И так, приговаривая, делал свое дело, на которое был мастер. А утром, оставив за спиной обессилевшую жену, в одном исподнем возник на пороге землянки. И не беспокоился нисколько о том, что женщины увидят его таким! Он загудел в свою гармонику. А потом достал из сидора флягу, которая оказалась неиссякаемой, и вдоволь наглотался водки.
Собаки, сразу почувствовав в нем хозяина, подбежали и легли возле его ног целой стаей. И когда вновь он заиграл на гармонике, завыли, подняв морды к небу. Безумец хохотал и не отгонял псов – ему лень было их отгонять. Иногда он отрывался от гармоники, пил из своей чудесной фляги и вновь играл, и щурился на солнце, и шевелил босыми пальцами, которые впервые за много дней отдыхали от сапог.
Остальные женщины, когда он вот так вызывающе появился перед ними, ушли далеко за холм на дорогу и стояли там в безнадежном ожидании.

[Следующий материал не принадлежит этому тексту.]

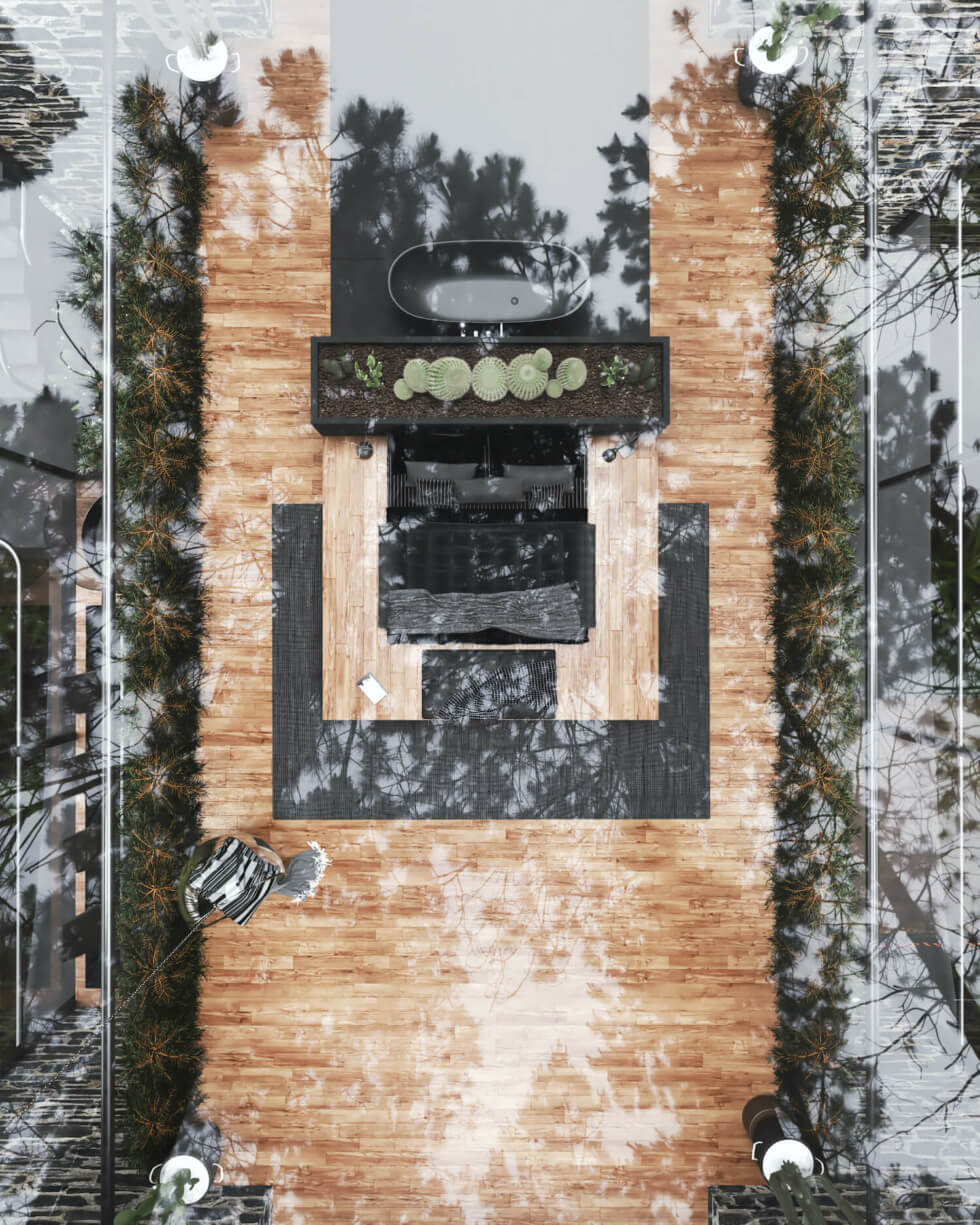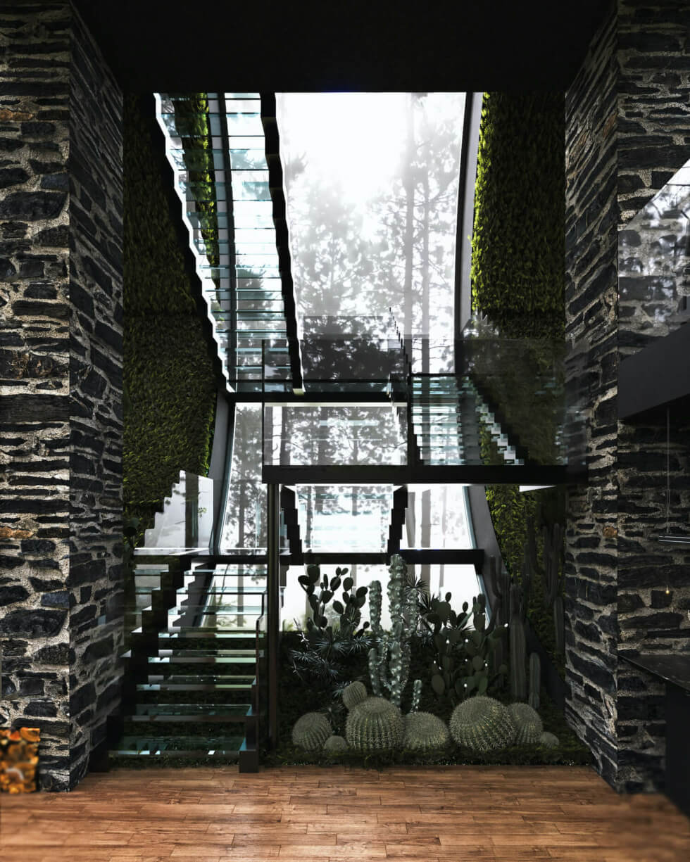 In terms of interior space, each building of the Twin Sisters home is similar. The ground floor serves as the public space and the upper is the private space where you have the bedroom and bathroom. A staircase connects the two floors while tall glass walls and windows bring the outside scenery in.

Безумец вновь скрылся в землянке, все еще неуспокоенный и ненасытный. А затем, к вечеру, вновь возник на пороге. Дремавшие возле жилища собаки вскочили от визга гармоники.
Ожидание женщин оказалось бесполезным! Первой очнулась Мария – она была самой спокойной и рассудительной. Она поняла – никому уже больше не суждено вернуться, и первой выплакала все свои слезы.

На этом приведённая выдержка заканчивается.